Compson representatives attended a meeting organized by the city's Office of Landlord-Tenant Relations last night to present a plan to tenants in which the company would sell units to tenants at a discount or pay cash to assist in moving elsewhere. Elderly and handicapped tenants would get special breaks, including the option to stay on as renters for three years. Currently, an efficiency at the apartment house rents for $335 per month and a three-bedroom unit for $570.
"Nobody is suggesting that this is not a traumatic . . . situation for you," Bernard Fagelson, an attorney for Compson told the gathering of about 70 tenants.
Fagelson faced occasional hostile questions and heckling from those who attended. Questions centered on details of compensation and many indicated that tenants were seriously thinking of buying their apartments. The issue of whether the building should be converted at all was not addressed by the tenants who spoke.
Tenant Charlotte Gillen said that compensation for those who elected to move out was not sufficient to pay a moving company. Sam Indolfi, a 10-year resident of the building, said residents with seniority should have first pick of what unit they would buy. When Fagelson said he could not say with certainty how much fees and property taxes elderly and handicapped people who elected to stay on for three years would have to pay, members of the audience hooted in derision.
After two hours, the Landlord-Tenant Relations Board rejected the developer's compensation plan until he clarifies about 50 points raised during the meeting. Another public hearing is scheduled for a week from today.
Plans to convert Fort Ward Towers to condominium apartments must be approved by the Alexandria City Council. Vice Mayor James Moran predicted yesterday that the council would pass the plan.
The building has no tenants' association, making it difficult to measure the tenants feelings about the conversion plans. But at previous meetings between developers and tenants, particular concern has been expressed over elderly and handicapped residents, who Compson vice president James Comparato estimates occupy about 50 of the 400 units.
Alexandria now requires developers to aid tenants disrupted by a conversion. Under the plan proposed by Compson, which must be approved by the City Council, tenants who move would get one-time payments of at least $305 for an unfurnished efficiency and $440 for a three-bedroom unit. People 62 years old or older and the handicapped would get double those rates.
Tenants choosing to buy would get discounts of 15 percent on the sale price for unrenovated units and 7.5 percent for renovated ones. Elderly and handicapped would get an additional 2.5 percent discount.

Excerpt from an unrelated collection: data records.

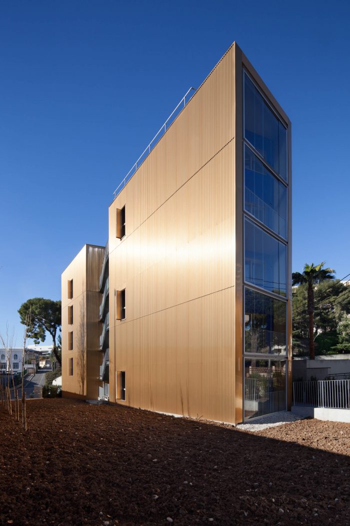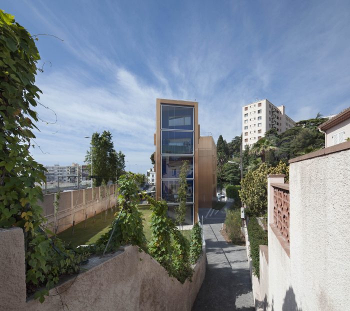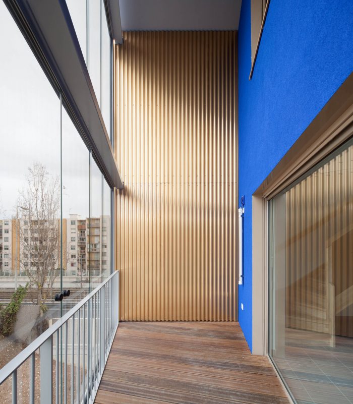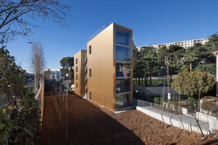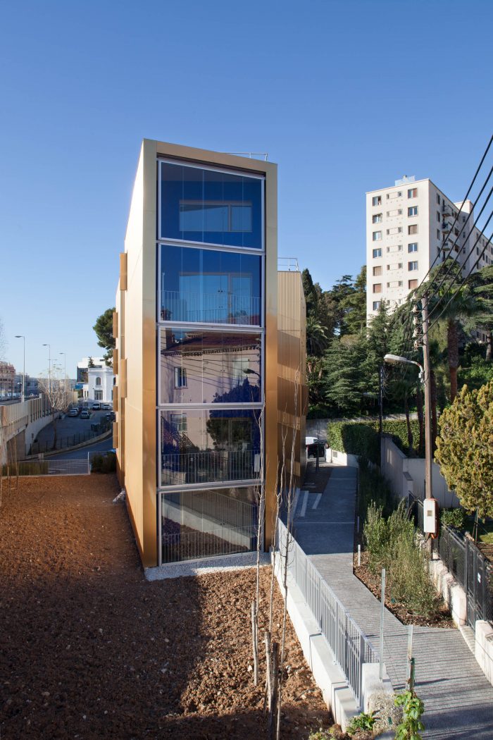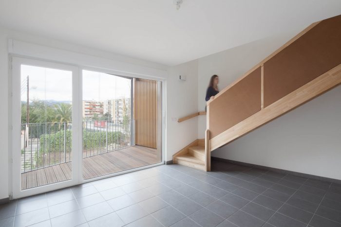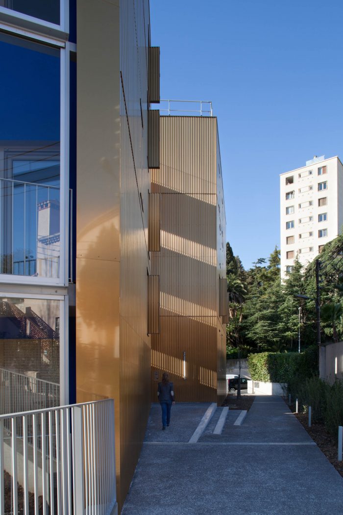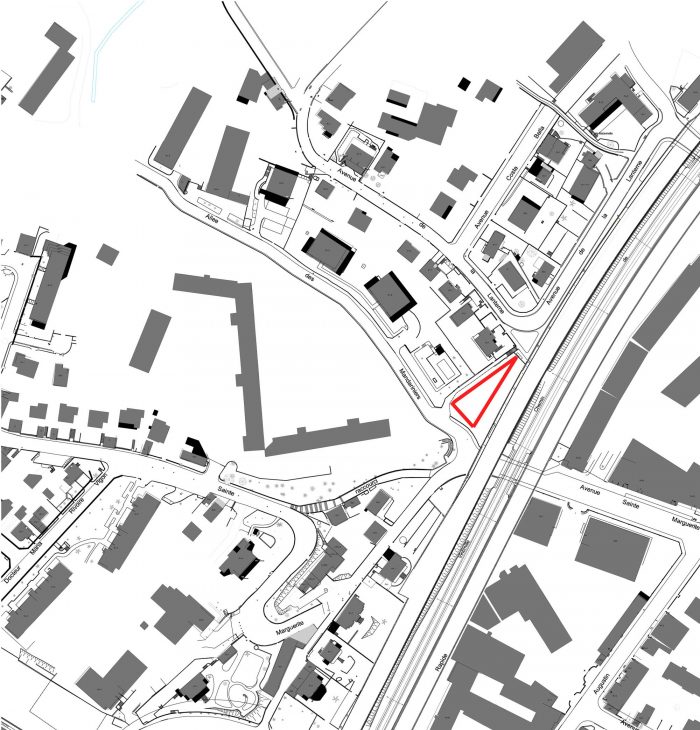 On a confined plot (1190 square meters) with a very constrained geometry and a strong noise pollution due to car and train infrastructures, the construction of 13 housing units and parking in basement is composed of three collective housing blocks of four levels built on a common underground. The project aims to create a connection between the different scales surrounding the site.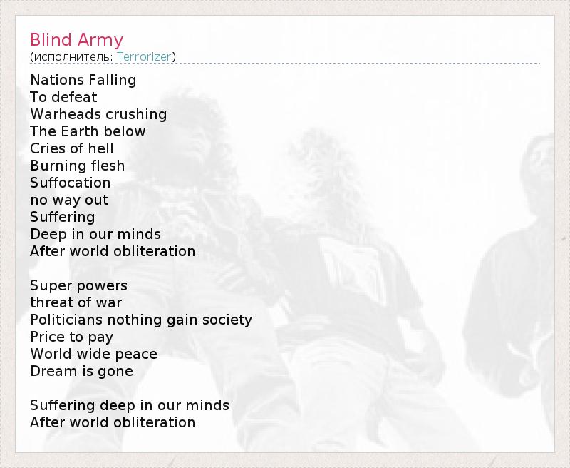 Это интересно:Terrorizer — американская грайндкор и дет-метал группа сформированная в 1986, в Лос-Анджелесе, Калифорния. Первоначальный состав включал в себя — Оскар Гарсиа (вокал, гитара), Джесси Пинтадо (ведущая гитара), Альфред «Garvey» Истрада (бас), Пит Сэндовал (ударные). После роспуска группы её участники получили признание, играя в таких влиятельных экстремально металлических группах как Morbid... продолжение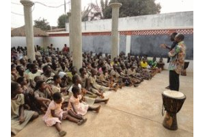 Le matin, les conteurs interviennent dans les écoles autour des contes sur les droits des enfants.

Elderly and handicapped would also have an option to remain as tenants for three years, with condominium fees and real estate taxes added to their rents. Otherwise, Compson has agreed to try to set up those tenants for three years at comparable rental units elsewhere and pay for the move.

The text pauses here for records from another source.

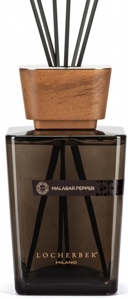Locherber vonný difuzér s tyčinkami s objemem 2,5 litru ve velkém skleněném flakonu s dlouhými tyčinkami a víčkem z ořechového dřeva noce canaletto je krásným doplňkem každého interiéru. Vůně Malabar pepper se hodí i do restaurací či barů.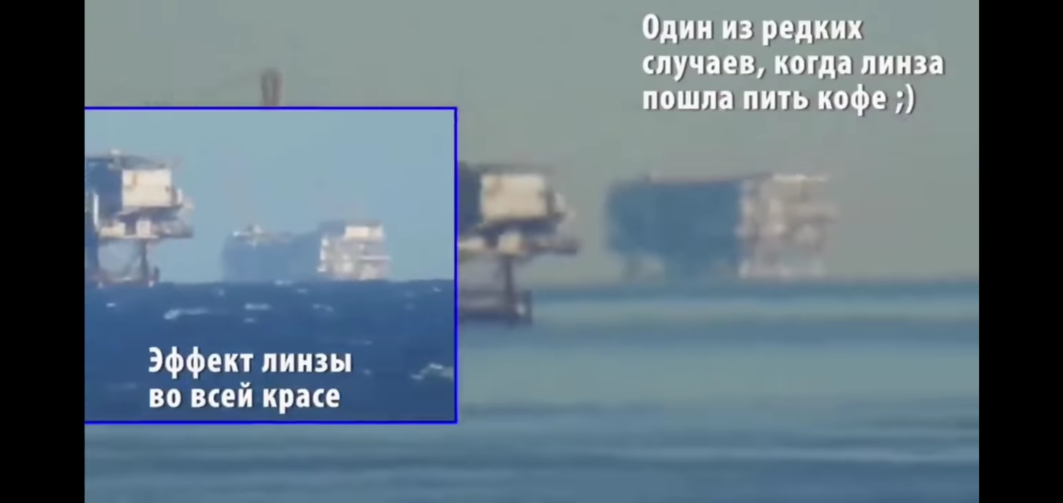 Вот скрин из видео, где показывается разность видимости платформы на воде.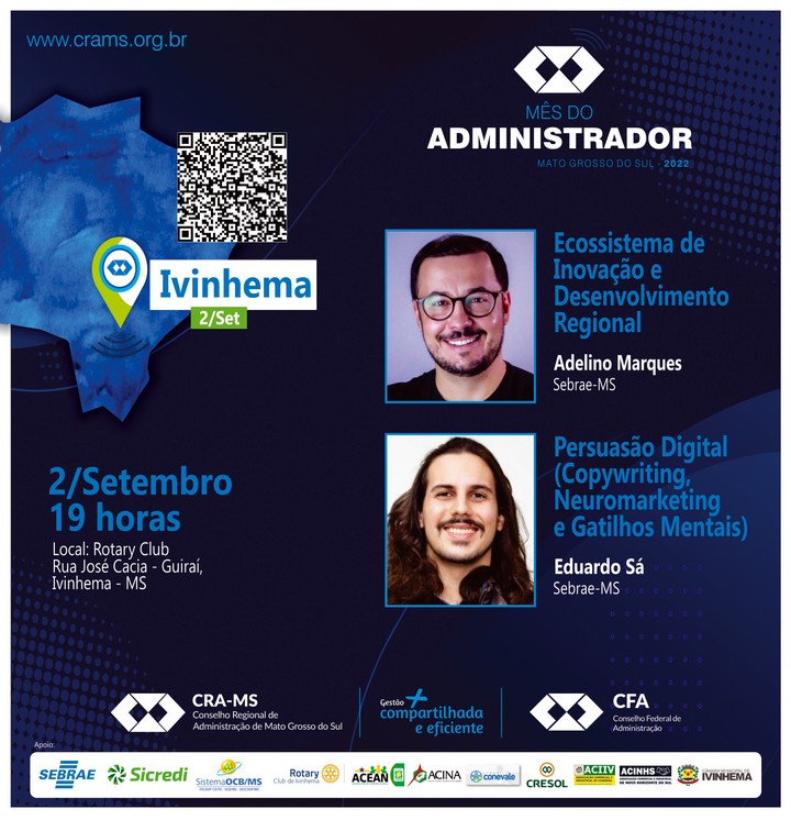 Mais informações sobre a agenda de Setembro: eventos@crams.org.br ou pelo WhatsApp (67) 3316-0300.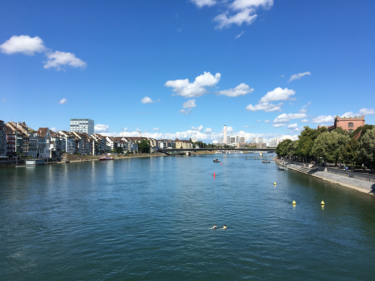 점점이 강물에 떠 있는 사람들이 보이는가? 바젤의 여름은 역시 강수욕이다. 도시를 관통하는 라인강은 폭도 상당, 깊이도 상당. 아침 열 시부터 강변에 보이기 시작하던 젊은 연인, 늙은 연인, 어린 연인, 가족단위 나들이객에 또래 친구들 무더기, 때론 우아한 솔로.. 오후에 접어드니 여름 강을 즐기기 위한 시민들이 떼 지어 나오고 해 질 무렵엔 강물 위에 마련한 무대에선 밴드 공연까지 펼쳐진다!!

"We feel the plan we have offered has far surpassed plans offered previously in the city of Alexandria," Comparato said yesterday.
But some tenants see it as ungenerous. "Three years and condominium fees and the real estate taxes--that's no advantage," said an elderly woman tenant who declined to give her name. She said that at her age she was not interested in buying.
Comparato said his company plans to extensively renovate the building, which opened in 1966, and to price units from the high $30,000s to the high $80,000s.
Like other area jurisdictions, Alexandria underwent a condominium boom in the late 1970s that was snuffed out by high interest rates and a recession. "We feel confident that the economic recovery is going to spur sales in the condominium market," Comparato said.